◆ ASSIGNMENT: The entries below contain pictures. Write out only the lines from the line with "Before the headliner, it" up to and including the line with "上午九点,伴着《义勇军进行曲", exactly, without them.

(Data entries)
==================================================
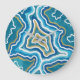 Blue, sea green and gold graphic gemstone agate abstract watercolor painting.
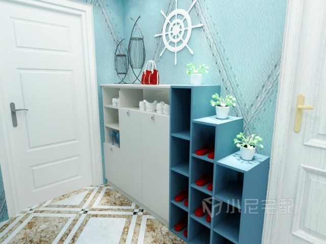 門廳鞋柜采用藍(lán)白色,開放柜和封閉柜結(jié)合,精巧的綠植擺設(shè)和墻飾突顯地中海風(fēng)格。
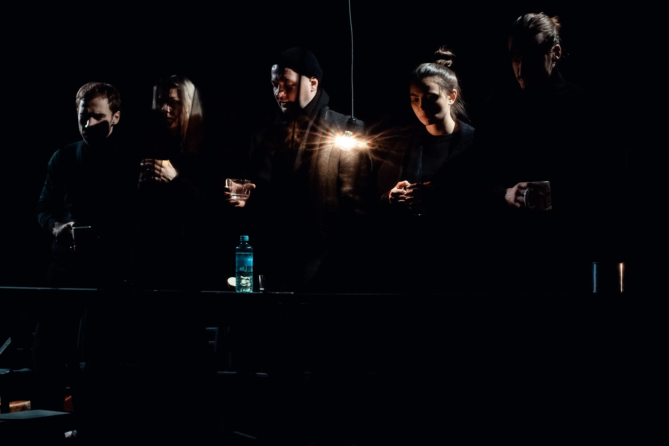 16 и 17 декабря театр “Суббота” пригласил первых зрителей на спектакль “Маленькие трагедии”. Показ был озаглавлен как “репетиция со зрителями”, а премьера назначена на 12 января 2024 г. Очевидно, за месяц спектакль может измениться (он явно претерпевает сокращения: в программе было заявлено 3 часа 20 мин., а в первый же вечер уложились в 3 часа, включая антракт). Представленная нам версия выглядела вполне законченной, а привычные мне признаки прогона / work in progress отсутствовали: не было вступительной речи режиссёра (спектакль ставит главреж театра Андрей Сидельников), а поклоны и цветы, наоборот, имелись. Так что подзаголовок “репетиция” можно было и не заметить, или усмотреть в нём отсылку к золотомасочному «Моцарт «Дон Жуан». Генеральная репетиция»: здесь истории тоже вкладываются одна в другую, хоть и не так радикально.
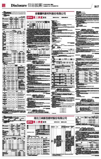 证券代码:600255 证券简称:鑫科材料 安徽鑫科新材料股份有限公司2014第三季度报告 2014-10-25 来源:证券时报网 作者:
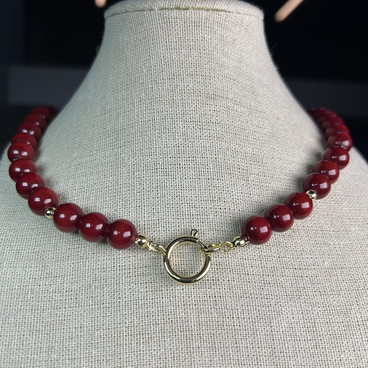 Sé el primero en valorar “Collar baño oro Agatas rojo oscuro con broche timón en la parte de adelante y balines (251125-360)”
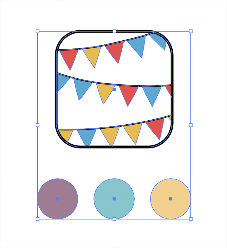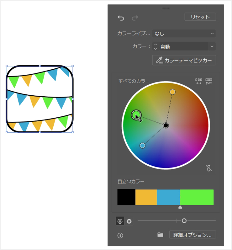 他のオブジェクトにある特定の色と、同じ色にしたいという場合は、制作しているオブジェクトと変更したい色を持つオブジェクトすべてを選択して(図12)、[オブジェクトを再配色]ダイアログの[詳細オプション...]をクリックします(図13)。
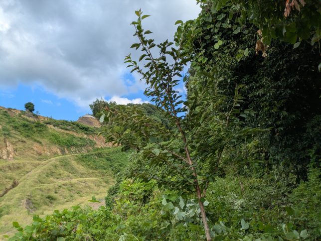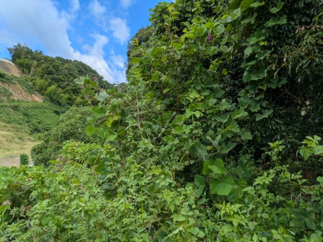 そのあとは、緊急避難所の近くに一昨年植えた桜のケア。葛に巻きつかれた桜がこちら。
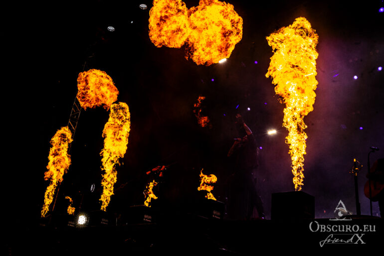 Before the headliner, it is time for a band which changed the lead vocalist last year. They present “Der Schulz”, formerly Unzucht. It takes a few songs for me to get it right, but I must confess, it all fits together as a completely rounded piece of art. Of course I mean Oomph!.
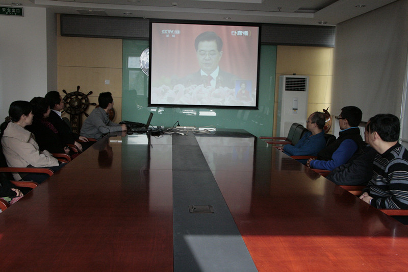 上午九点,伴着《义勇军进行曲》的激昂旋律,同学们起立高唱国歌,并为毛泽东、周恩来、刘少奇等为党的事业作出巨大贡献的老一辈无产阶级革命家默哀、致敬。随后,胡锦涛总书记代表第十七届中央委员会,向2300余名代表和特邀代表作报告。同学们聚精会神地听取报告,不断做记录。
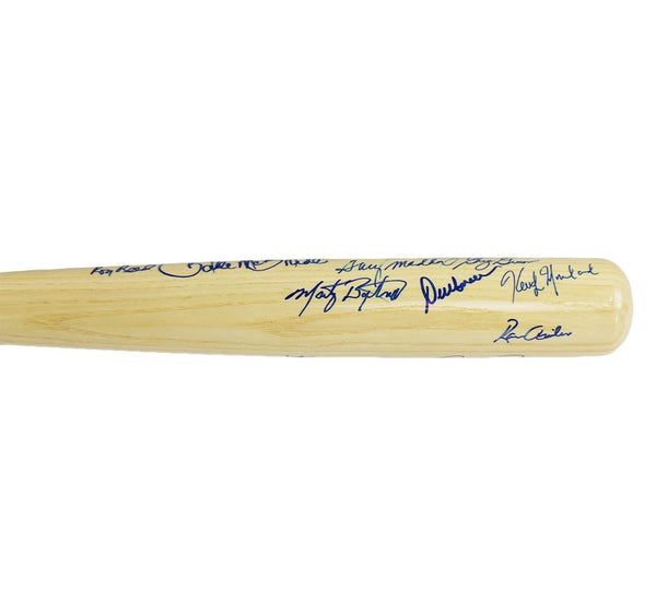A Philadelphia Phillies 1980's Cardiac Kids Blonde/Red MLB Bat hand signed by 23 1980's World Series Champions including Mike Schmidt, Steve Carlton, Pete Rose, Bob Boone, Keith Moreland, Manny Trillo, Dallas Green, Greg Luzinski, Bake McBride, Ozzie Virgil. The item and signatures are in excellent condition. AUTHENTICATION: The item is accompanied by a JSA Letter of Authenticity - JSA Serial Numbered and Databased Hologram.
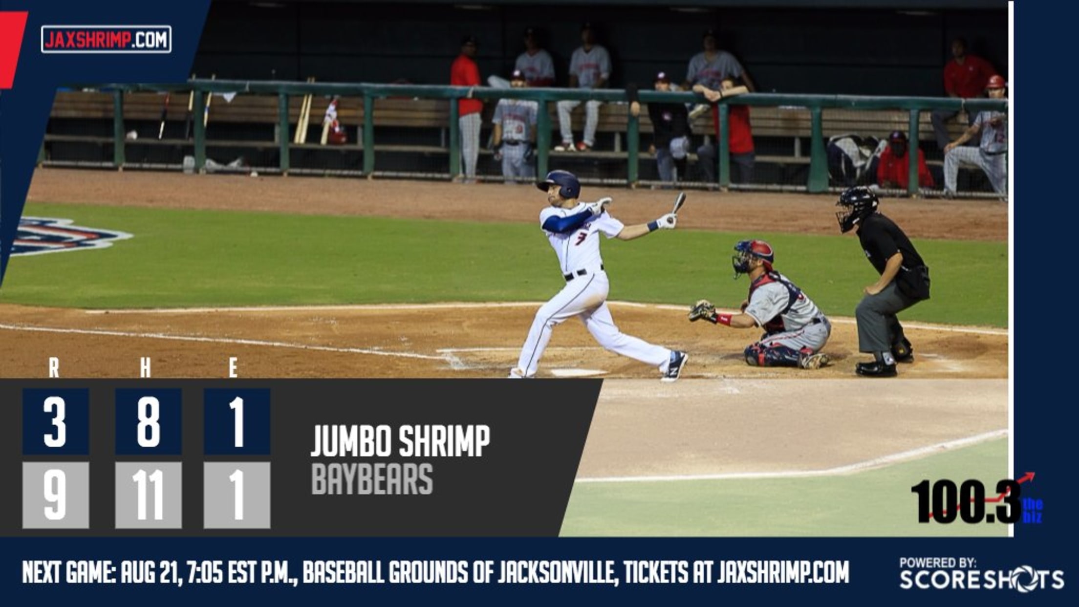 MOBILE, Ala. - The Jacksonville Jumbo Shrimp (28-26, 58-66) fell to the Mobile BayBears (28-27, 58-66) by a 9-3 score in the fifth and final game of the five-game series at Hank Aaron Stadium on Sunday evening.
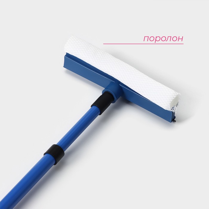 Окномойка с телескопической металлической окрашенной ручкой и сгоном Доляна, 20×49(75) см, поролон, цвет синий
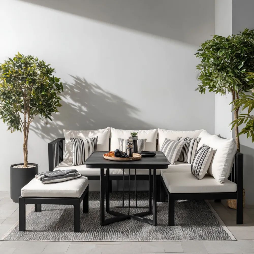 Garten-Sofaset Aluminium 150x80x75 cm – Schwarz – Modernes Design mit Weißen Kissen
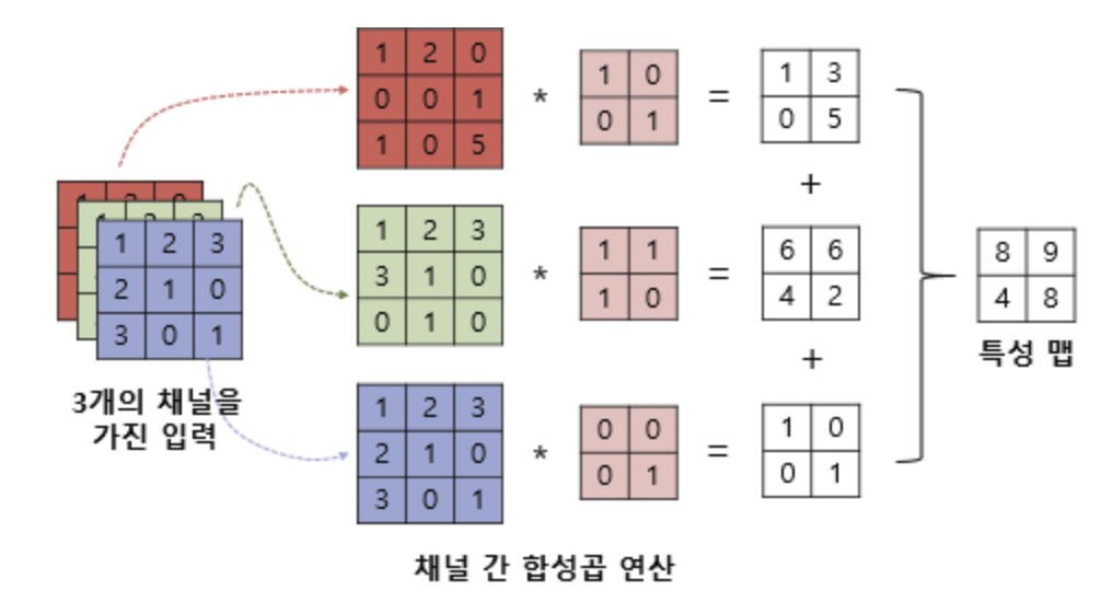 지금까지는 위의 예시처럼 채널을 고려하지 않고 합성곱 연산을 했었는데, 실제 합성곱 연산의 입력이미지는 다수의 채널을 가지고 있거나 또는 이전 연산의 결과로 나온 특성 맵일 수도 있다.
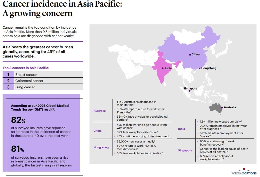 According to the 2026 Global Medical Trends Report by WTW, cancer remains the leading condition by incidence across Asia Pacific, with more than 9.8 million people diagnosed annually. The region now accounts for 49% of global cancer cases, placing immense strain on healthcare systems, insurers and workforces alike.
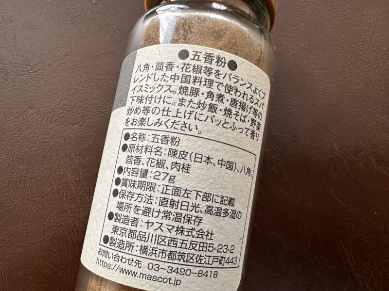 うちにある五香粉は成城石井で買ったMASCOT ORIGINALの五香粉です。五香粉なんてそのへんのスーパーに売ってないかも知れないと思い、いきなり成城石井に買いに行ったので、近所のスーパーでも手に入るのかわかりません。カルディーにはあると思います。
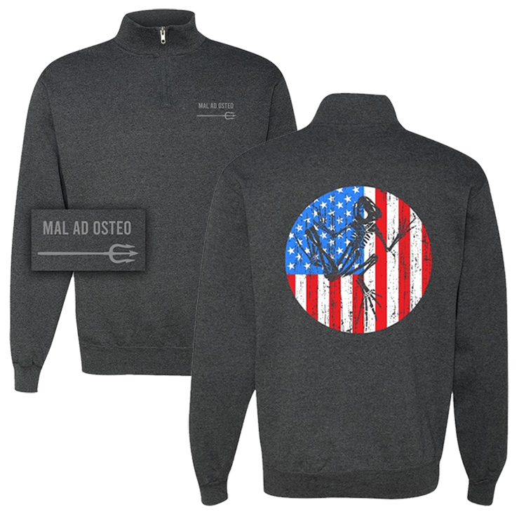 - Screenprint: MAL AD OSTEO above Trident Spear (Both in Gray) on Front Left Chest
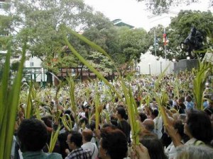 El Domingo de Ramos, todos nos reunimos, por la mañana, en un sitio con palmas u olivos. Allí, las palmas son bendecidas y, posteriormente, vamos todos en procesión hacia la Iglesia en donde se realiza una celebración eucarística.
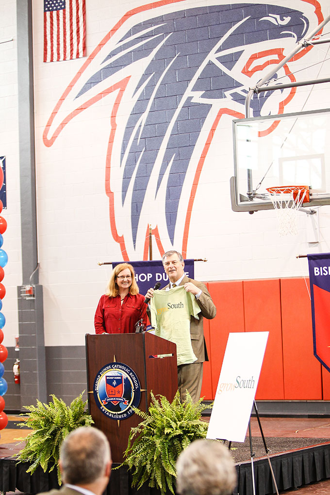 Dallas Mayor Mike Rawlings, public servants and the Bishop Dunne community joined Bishop Farrell in the school’s gymnasium to celebrate the investment in Catholic education and southern Dallas’ economic growth.
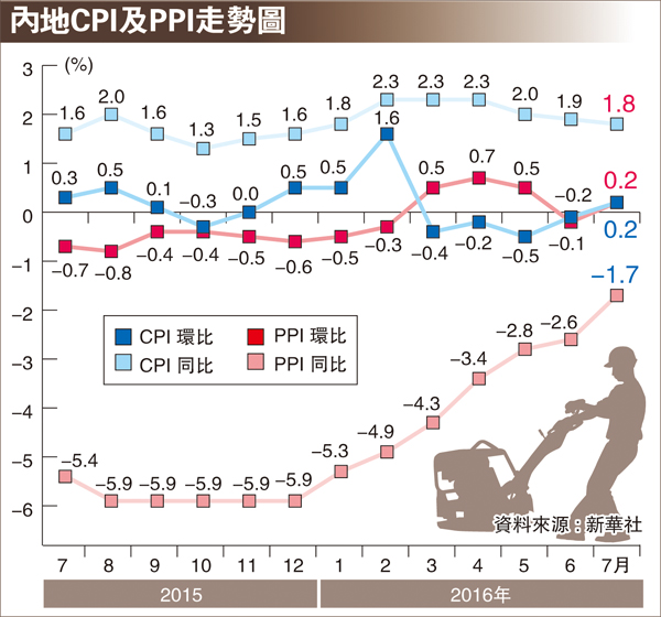 香港文匯報訊(記者 海巖 北京報道)7月內地CPI漲幅降至年內新低,但在服務價格帶動下,CPI環比漲幅轉正,同時PPI降幅亦加速收窄。考慮到近期央行頻繁向市場釋放強烈的「不會輕易放鬆貨幣政策」的信號,多數經濟學家預計,在整體通脹環比上漲的情況下,短期內地貨幣仍將維持中性穩健。然而,亦有專家呼籲,在全球齊寬鬆、國內經濟下行背景下,仍有必要在近期降準。
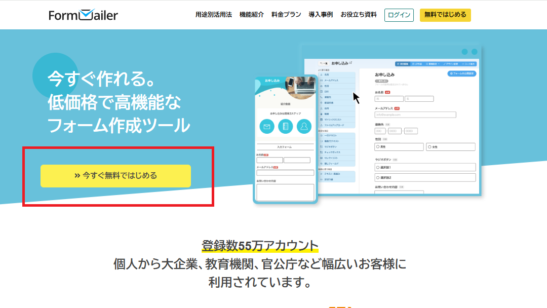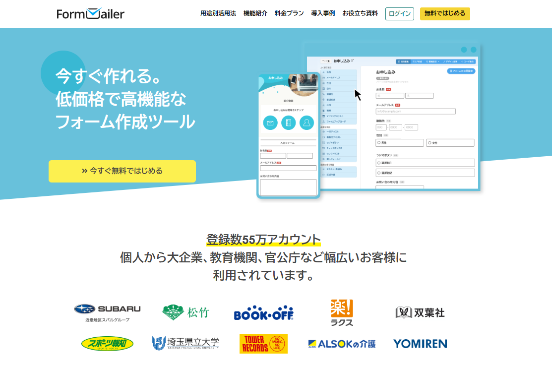 Formmailerでは、フォームやLP(ランディングページ)を作成することができます。(※LPは有料プランのみ)
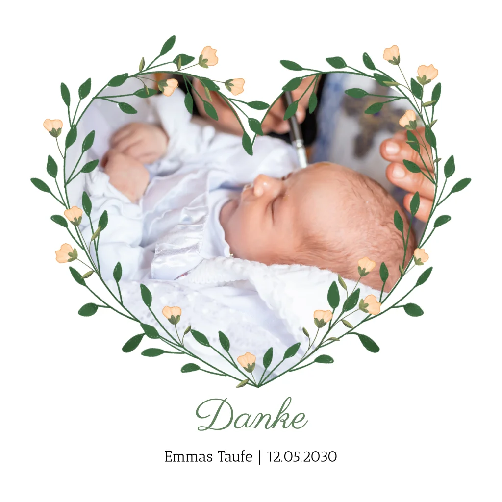 Danke sagen mit dieser schönen Karte fällt Euch sicherlich ganz leicht. Die Taufe eures Kindes hat euch glücklich gemacht und das soll nun die Familie und Freunde wissen. Ein Bild eures Kindes wird als Herz umrandet mit Blumen dargestellt und signalisiert eure Dankbarkeit.
==================================================
◆ ANSWER:
 Before the headliner, it is time for a band which changed the lead vocalist last year. They present “Der Schulz”, formerly Unzucht. It takes a few songs for me to get it right, but I must confess, it all fits together as a completely rounded piece of art. Of course I mean Oomph!.
 上午九点,伴着《义勇军进行曲》的激昂旋律,同学们起立高唱国歌,并为毛泽东、周恩来、刘少奇等为党的事业作出巨大贡献的老一辈无产阶级革命家默哀、致敬。随后,胡锦涛总书记代表第十七届中央委员会,向2300余名代表和特邀代表作报告。同学们聚精会神地听取报告,不断做记录。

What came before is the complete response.